Joe Tilson: the forgotten king of British Pop art
On the eve of this year’s London Original Print Fair, the Alan Cristea Gallery is mounting a retrospective of neglected Sixties artist Joe Tilson, who found fame before the Beatles and David Hockney.
By Colin Gleadell
Affordable: a detail from Joe Tilson’s Stones of Venice, Pomegranate, which was inspired by San Marco in Venice and costs £1,500 Photo: COURTESY ALAN CRISTEA GALLERY, LONDON
Who is the best-known living British artist in Italy? Is it Lucian Freud, David Hockney or Damien Hirst? Wrong, wrong, and wrong again. The answer, according to Cork Street dealer Alan Cristea, is Joe Tilson, a first-generation British Pop artist, for whom Italy has been a second home for decades.

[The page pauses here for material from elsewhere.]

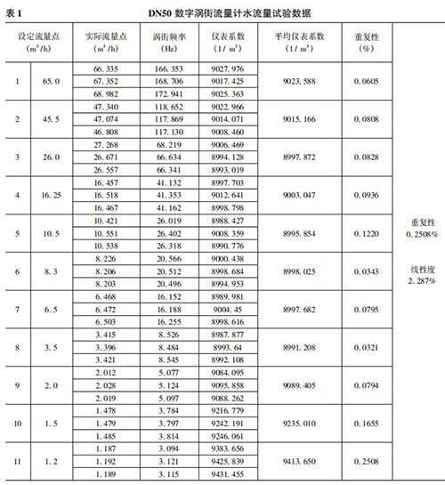 將本文實(shí)現(xiàn)的數(shù)字飽和蒸汽計(jì)量表在上述 50mm 口 徑( 簡稱 DN50) 的水流量試驗(yàn)裝置上進(jìn)行試驗(yàn)。先在其正常流量范圍內(nèi)進(jìn)行試驗(yàn),流量從大到小逐漸降低,之后不斷探求其所能測量的*小流量。每個(gè)流量點(diǎn)試驗(yàn)三次,計(jì)算其重復(fù)性、平均儀表系數(shù)和線性度。水流量試驗(yàn)數(shù)據(jù)如表 1 所示。

Tilson had been spotted for Marlborough in 1961 by John Kasmin, the dealer who later gave Hockney his first solo exhibition, and was the first of a group of young art stars to launch the gallery into the Swinging Sixties with a highly successful first show in 1962. “I was famous before the Beatles and Hockney,” Tilson says. However, fame, money and the machinations of the art market have never much interested him.
After he started making prints in 1963, similar objections were raised. When some were hung in the gallery window, the Printmakers Council objected on the grounds that they were not “original” prints because they had incorporated reproductions of images from magazines and newspapers.
“In the Sixties, I thought the question, ‘What is an original print?’ was totally irrelevant,” Tilson recalls. “My aim was to make things that corresponded to my feelings and thoughts – not to pre-established categories.” He made a list of things you were not supposed to do in printmaking: “Make each print different; paint on prints; tear the paper; crumple and fold the paper; make holes in the print; make three-dimensional prints; glue objects to the print…”, and so on. One by one, he broke each rule.